木村天山旅日記

バリ島へ 平成19年12月

第二話

食事は、自然に、大勢になった。

マディさんの家の、オープンな居間には、10名ほどが集った。

丁度、日本から来ていた、クミちゃんの、友人も、一緒になった。私たちのコンサートを聴きに来たというから、驚く。

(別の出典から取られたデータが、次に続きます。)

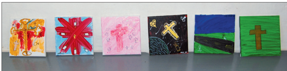
Et udsnit af de fine billeder, som årets konfirmander har lavet med kristne symboler.

I påskeugen vil der være mulighed for at gå på kirkegården og deltage i vores lille påskeløb. Der er fire poster og en overraskelse, når man kommer til den sidste post! Husk, at kirkegården også er et sted, hvor der kommer sørgende, så vis hensyn og respekt, hvis der er andre besøgende.

バリ島で、ヨガの講習に来たそうである。何と、私たちと、同じ飛行機に乗っていた。

 

食事を終えて、バリコーヒーを飲み、開演時間の30分前に、テラハウスに行くと、すでに、お客さんが集っていた。子供たちもいる。近所の子供たちである。

 

私は、待たせるのも悪いと、野中に、イダキ演奏をしてもらった。

前座である。

どんどんと、人が増える。

今回は、クゥッ村の人を招いて、テラハウスのお披露目という意味のコンサートだっだが、日本人も、多く来た。

 

開演前だが、ギターソロ演奏も、開始した。

 

蝋燭の光が、また、何とも、風情がある。

舞台には、一つの裸電球である。そして、舞台のし切りに、小さな電球の縄である。

日本の田舎のお祭りという感じである。

 

いよいよ、開演時間になり、トップは、辻知子の、歌である。

バリ島の一角で、日本のコンサートである。不思議な感覚だった。

 

プログラムは、臨機応変にしようというアイディアで、進んだ。

通訳無しで、私は日本語で、進めた。

 

次に、カウンターテナーの野村さんの、アカペラ二曲である。

男の、高い声に驚いたのか、シーンと聴いている。

 

野村さんは、子供たちを意識してか、プログラムにはない、聞き覚えのある、歌を歌った。すると、子供たちが、小さな声で、反応した。

 

その頃になると、更に、お客さんが増えた。

用意していたイスが、一杯になる。

日本人の高齢の方も来た。

ハウスに、敷いたバナナの葉のゴザにも、人が一杯になった。特に、子供たちが、後ろに一杯になる。

 

私が、ギター伴奏で、二曲歌う。

虫の音をバックして、ギター伴奏である。

ところが、声が響くから驚く。

自分でも、その響きを、聴くことが出来た。

 

そして、再度、野中のイダキソロ、ギターソロと、続く。

ギターソロの、スペイン民謡になると、自然手拍子が入る。

矢張り、リズムと、テンポは、世界共通である。

 

闇が深くなると、蝋燭の光が、強くなる。

 

間合いに、子供たちの話し声が入り、何とも、楽しい。

 

再び、辻知子が、今度は、アカペラで、故郷、さくらを歌う。

バリ島で聴く、故郷と、さくらさくらは、また、格別である。

その、単純なメロディーは、バリ島の人の心も、動かすようだ。

 

日本人のお客さんは、じっと舞台を凝視している。

長期滞在の人は、懐かしい気持ちなのだろうと、察した。

 

また、野村さんが、ミュージカル曲を歌う。

英語の歌詞は、バリ島の人も理解する。

 

学校では、小学生から、英語か、日本語を選んで学ぶのである。

20代の人は、ほとんど英語を理解する。

それは、20年ほど前から、アメリカ人の女性が、無料で、ウブドゥの子供たちに、英語を教えたせいもある。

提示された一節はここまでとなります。